FUGA PARA A "SELVA" EUROPEIA - (com breve passagem pelo apartheid) - Janeiro de 1976, já quase não haviam amigos em Palex - todos se tinham ido embora, de carro, de barco ou de avião. As ruas de Palex, pejadas de mortos. O meu pai tinha que ziguezaguear para não os pisar. Era a caça ao homem. Nós que sempre acreditámos que ficaríamos, escorados nos dizeres do Saidi Mingas (assassinado pelo golpe nitista). O Saidi Mingas e o Kundi Paihama (que vivia em Palex e que era meu amigo) disseram ao meu pai - Sr Duarte, fique porque aqueles que saírem vão ter dificuldades em regressar.

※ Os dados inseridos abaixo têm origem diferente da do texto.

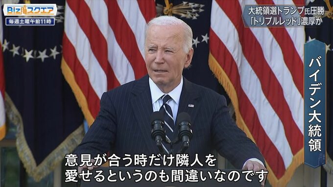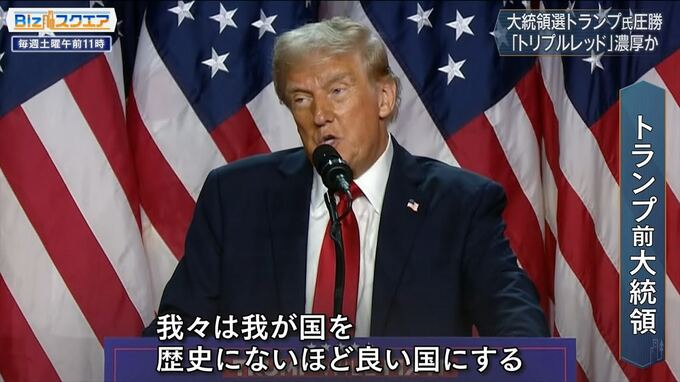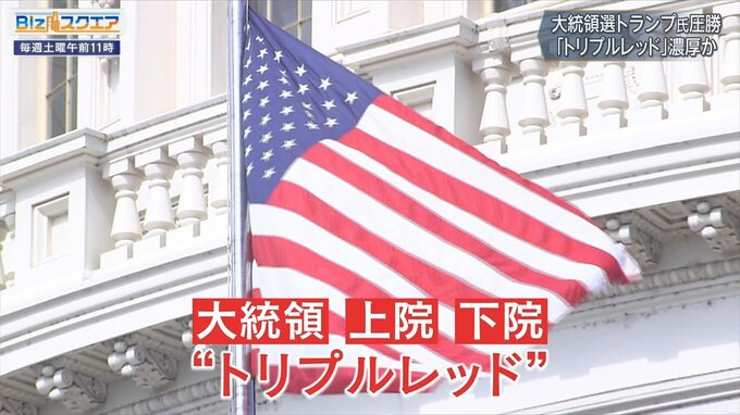 大統領選と同時に行われた議会選挙でも、共和党は上院多数派を4年ぶりに奪還。開票作業が続く会員でも共和党が大きくリードしており、「大統領」だけでなく、「上院」と「下院」でも主導権を握る共和党の「トリプルレッド」が間近に迫っている。トランプ氏は「我々は再び米国第一を推進する。米国を第一にせねばならない。立て直さねばならない」と発言した。

Infelizmente o Saidi e o Kundi não tinham razão. Hoje vai mais depressa para Angola um tuga que "não gosta de pretos", tal como os russos (e lá faz o sorriso amarelo para os explorar) do que um genuíno angolano como eu e vós leitores que amamos aquela terra.

Cronologia da "Fuga" de traineira e repatriamento de comboio, autocarro e avião - Janeiro de 1976 » Palex (dia 10) , Saco da Baleia (dia 11), Baía doa Tigres (dia 12), Cunene (dia 13), Walvis Bay (dias 14 a 23), Swakopmund (dia 23), Usakos (dia 24), Karibib (dia 24), Okahandja (dia 24), Whindoek (dia 24), Abidjan/Costa do Marfim (dia 24), Lisboa (capital da Selva, dia 25) .

PS1: ficam por contar os episódios inanarráveis da "Selva" e as catanas que tive de afiar para desbravar mato e sobreviver aqui no Puto, como se fosse um dos exploradores Serpa Pinto, Brito Capelo ou Robert Ivens quando se aventuraram no mato verdadeiro.

PS2: oportunamente ilustrarei alguns destes episódios angolanos neste blog .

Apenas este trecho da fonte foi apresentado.